→ WORK INSTRUCTION: Set down the full listing exactly as given. Any pictures are to be left out.

□ □ □ □ □

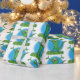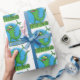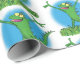Funny green smiling animated iguana lizard wrapping paper
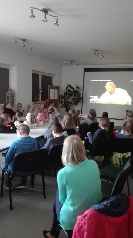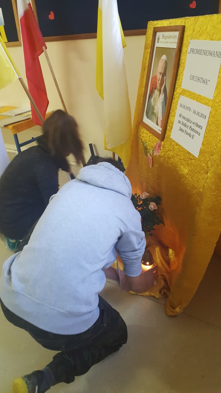 W dniu 16.10.2018 r.społeczność szkolna i przedszkolacy uczcili pamięć Jana Pawła II z okazji 40 rocznicy wyboru na Stolicę Piotrową. Dzień rozpoczął się krótkim apelem, uczniowie zaśpiewali ulubioną pieśń Papieża pt."Barka" oraz zapalili znicze pod wizerunkiem Jana Pawła. Uczniowie kl I-IV oglądali film animowany pt."Jan Paweł II"i wykonywali gołąbki pokoju z Ojcem św. Uczniowie kl.VIII obejrzeli film pt"Jan Paweł II, człowiek, który zmienił świat". Natomiast uczniowie kl V-VII uczestniczyli w warsztatach zorganizowanych przez Bibliotekę Publiczną we Lwówku poświęconych papieżowi. Oglądali film pt."Jan Paweł II święty, uśmiechnięty" i rozwiązywali quiz. Natomiast przedszkolacy odwiedzili kącik na holu poświęcony Ojcu Św., obejrzeli krótki film animowany "Jan Paweł II" i wykonali ozdobne ramki ze zdjęciem papieża.
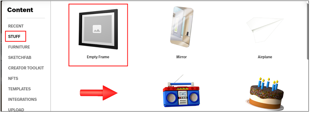 액자를 추가하고 싶으면 + 아이콘을 누르고 STUFF에서 빈 액자(Empty Frame)를 선택하면 된다. 32개의 액자가 기본으로 나타나지만 조금 더 액자가 필요한 경우가 있다. 그럴 경우 추가로 액자를 설치하고 작품을 올릴 수 있다.
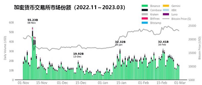 加密市场数据提供商CryptoCompare的报告显示,Kraken在成交量的市场份额排在Coinbase之后,估计在5%左右。而加密货币交易市场上的主导者仍然是币安(Binance),在FTX崩溃后其占据了全球50%以上的市场。
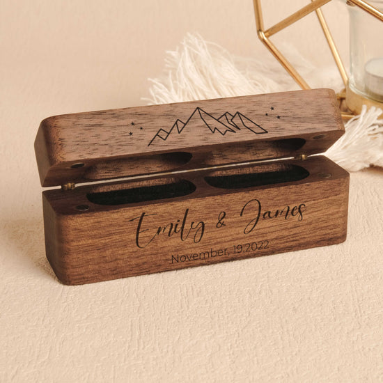Make your big day more remarkable and a great memory with this specifically personalized black walnut wood ring box. It goes with any rustic wedding perfectly too.
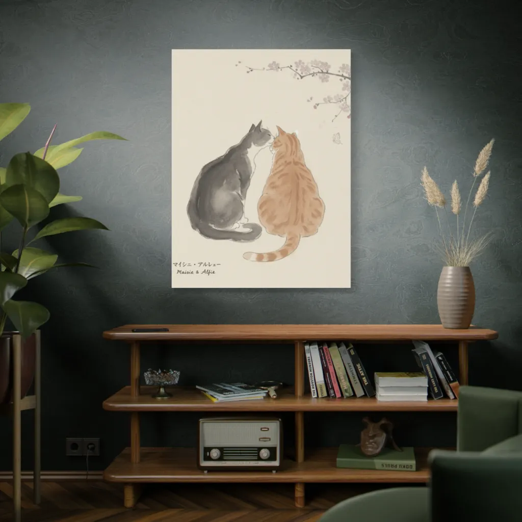 A charming ink-wash captures two felines' tender nuzzle beneath cherry blossoms, a scene of quiet, purr-fect harmony.
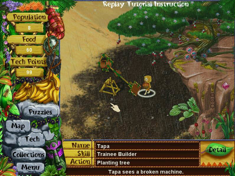 Note: I played using the tutorial but I did NOT let my villagers have a child (per tutorial instructions) until I had established my village a little more than the tutorial advised. This left the "Replay Tutorial" at the top of the screen for a while but I feel it was worth that inconvenience. Once I had my villagers make their first child the tutorial ended.

□ □ □ □ □

→ TASK RESULT:
Funny green smiling animated iguana lizard wrapping paper
 W dniu 16.10.2018 r.społeczność szkolna i przedszkolacy uczcili pamięć Jana Pawła II z okazji 40 rocznicy wyboru na Stolicę Piotrową. Dzień rozpoczął się krótkim apelem, uczniowie zaśpiewali ulubioną pieśń Papieża pt."Barka" oraz zapalili znicze pod wizerunkiem Jana Pawła. Uczniowie kl I-IV oglądali film animowany pt."Jan Paweł II"i wykonywali gołąbki pokoju z Ojcem św. Uczniowie kl.VIII obejrzeli film pt"Jan Paweł II, człowiek, który zmienił świat". Natomiast uczniowie kl V-VII uczestniczyli w warsztatach zorganizowanych przez Bibliotekę Publiczną we Lwówku poświęconych papieżowi. Oglądali film pt."Jan Paweł II święty, uśmiechnięty" i rozwiązywali quiz. Natomiast przedszkolacy odwiedzili kącik na holu poświęcony Ojcu Św., obejrzeli krótki film animowany "Jan Paweł II" i wykonali ozdobne ramki ze zdjęciem papieża.
 액자를 추가하고 싶으면 + 아이콘을 누르고 STUFF에서 빈 액자(Empty Frame)를 선택하면 된다. 32개의 액자가 기본으로 나타나지만 조금 더 액자가 필요한 경우가 있다. 그럴 경우 추가로 액자를 설치하고 작품을 올릴 수 있다.
 加密市场数据提供商CryptoCompare的报告显示,Kraken在成交量的市场份额排在Coinbase之后,估计在5%左右。而加密货币交易市场上的主导者仍然是币安(Binance),在FTX崩溃后其占据了全球50%以上的市场。
Make your big day more remarkable and a great memory with this specifically personalized black walnut wood ring box. It goes with any rustic wedding perfectly too.
 A charming ink-wash captures two felines' tender nuzzle beneath cherry blossoms, a scene of quiet, purr-fect harmony.
 Note: I played using the tutorial but I did NOT let my villagers have a child (per tutorial instructions) until I had established my village a little more than the tutorial advised. This left the "Replay Tutorial" at the top of the screen for a while but I feel it was worth that inconvenience. Once I had my villagers make their first child the tutorial ended.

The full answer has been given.